> [Records supplied]:
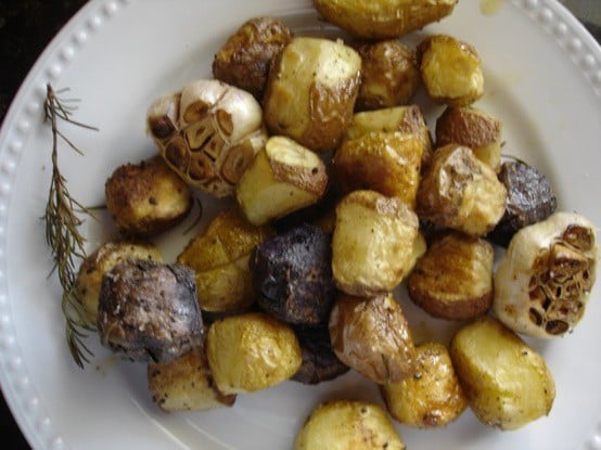 To serve, squeeze the pulp out of the garlic and eat along with your potatoes. The roasted garlic is amazingly mild and sweet.
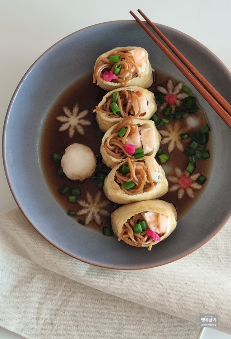 쯔유에 띄운 냉 메밀 유부주머니 만들기 냉 모밀 소바 메밀면 요리
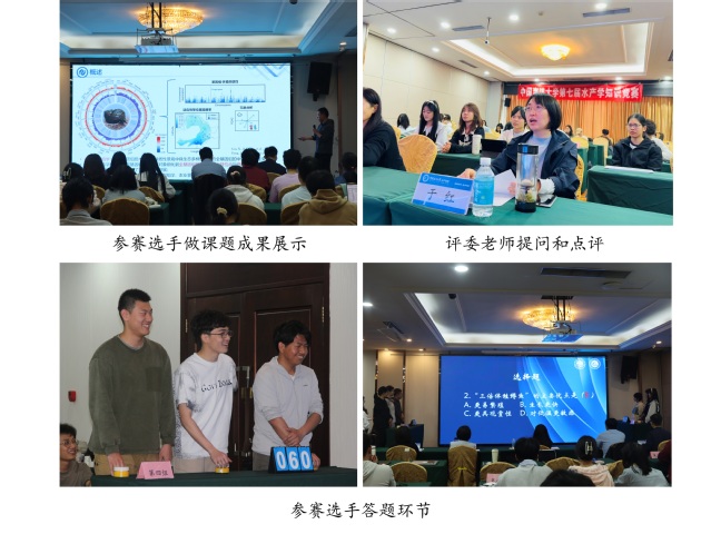 经过初赛和复赛的激烈选拔,共有9支队伍27名同学进入决赛。决赛共设课题成果展示与水产知识必答题、抢答题环节。最终评选出特等奖1支队伍、一等奖2支队伍、二等奖3支队伍和三等奖3支队伍,由评委老师们为获奖队伍进行颁奖。本次比赛获得特等奖和一等奖的3支队伍将代表学校参加第三届全国大学生水产类创新实践能力大赛区赛。
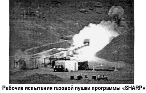 Есть еще одно правило для артиллериста-конструктора — скорость снаряда не может превышать скорость газов в стволе. Для того чтобы увеличить эту скорость (а следовательно, и высоту, и дальность полета снаряда), Хантер предложил заменить обычные продукты сгорания водородом, который имеет гораздо меньшую молекулярную массу и большую скорость. Исследуя архивы, американский конструктор установил, что в 1966 году инженеры НАСА уже испытывали маленькую водородную пушку, выстреливавшую снаряды со скоростью 2,5 км/с. На основе этой разработки Джон Хантер построил компьютерную модель двухкамерной газовой пушки, дульная скорость которой могла бы достигнуть 8 км/с. Проектом Хантера заинтересовались, и Лаборатория Лоренса получила деньги на строительство полноразмерной газовой пушки, предназначенной для запуска снарядов с космической скоростью; разработка получила название «Сверхвысотной исследовательской программы».
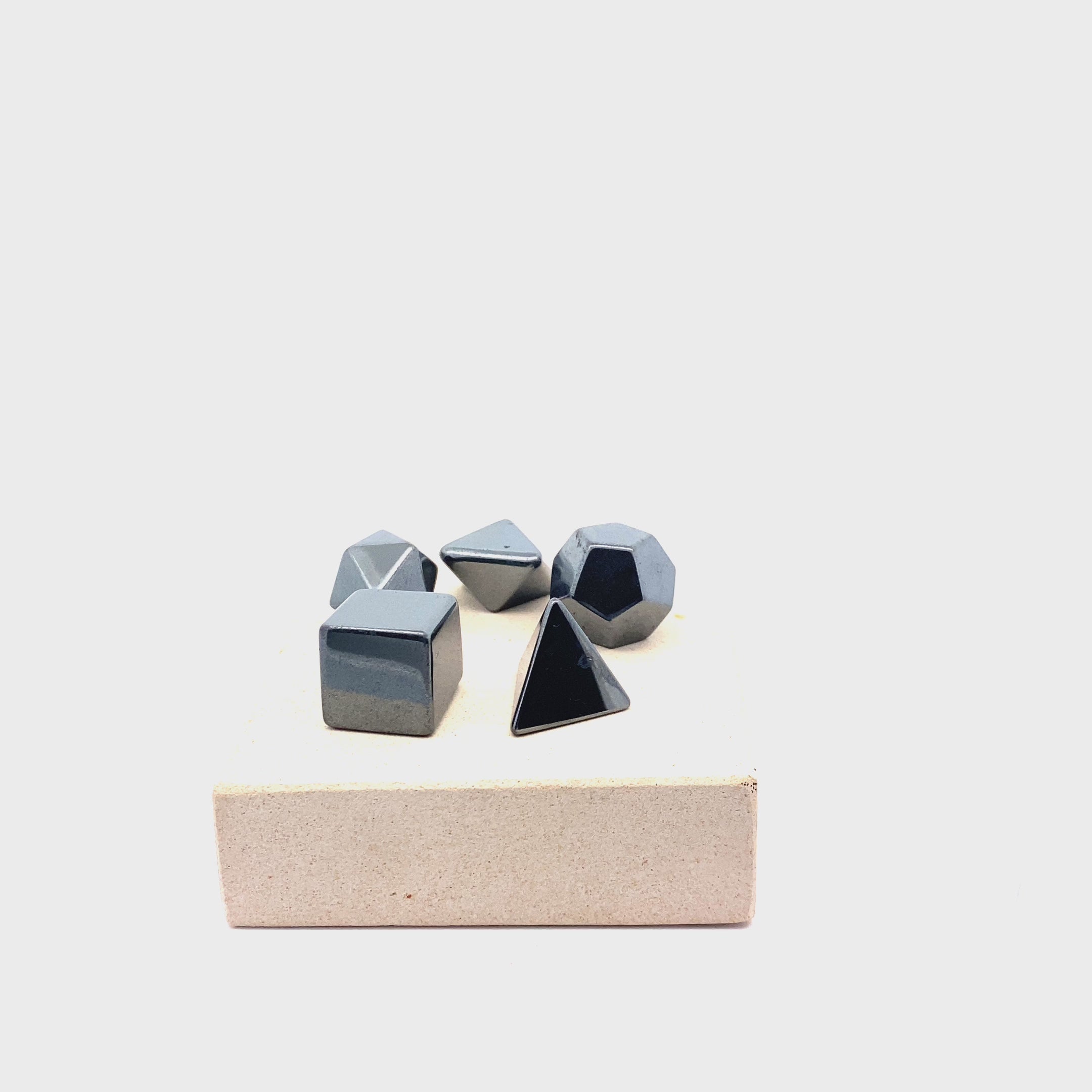 Platonic Solid, Hematite shaped into sacred geometric shapes, in hard paper box
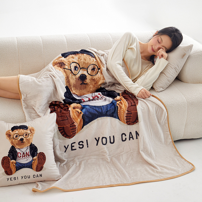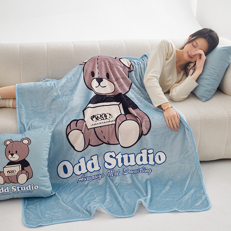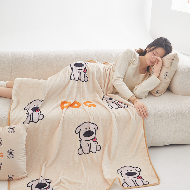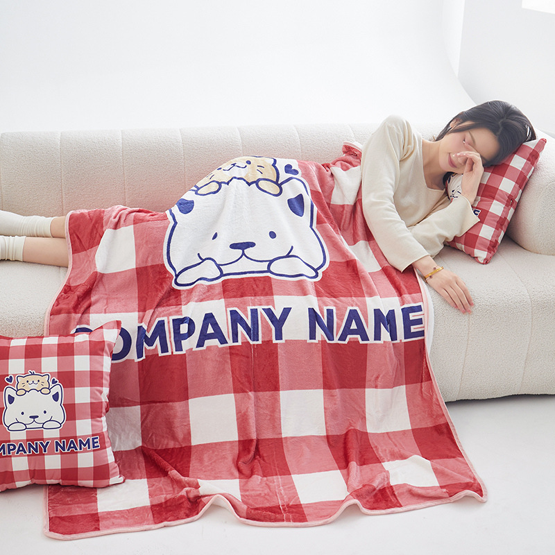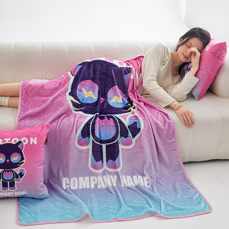 높은 무게 금 밍크 베개 담요 이중 사용 플란넬 담요 저장 학교 낮잠 베개 담요 여름

> [Exercise description]: Pictures are to be left out while the lines from the beginning of the records through the line with "经过初赛和复赛的激烈选拔,共" are copied word for word.

> [Answer section]:
 To serve, squeeze the pulp out of the garlic and eat along with your potatoes. The roasted garlic is amazingly mild and sweet.
 쯔유에 띄운 냉 메밀 유부주머니 만들기 냉 모밀 소바 메밀면 요리
 经过初赛和复赛的激烈选拔,共有9支队伍27名同学进入决赛。决赛共设课题成果展示与水产知识必答题、抢答题环节。最终评选出特等奖1支队伍、一等奖2支队伍、二等奖3支队伍和三等奖3支队伍,由评委老师们为获奖队伍进行颁奖。本次比赛获得特等奖和一等奖的3支队伍将代表学校参加第三届全国大学生水产类创新实践能力大赛区赛。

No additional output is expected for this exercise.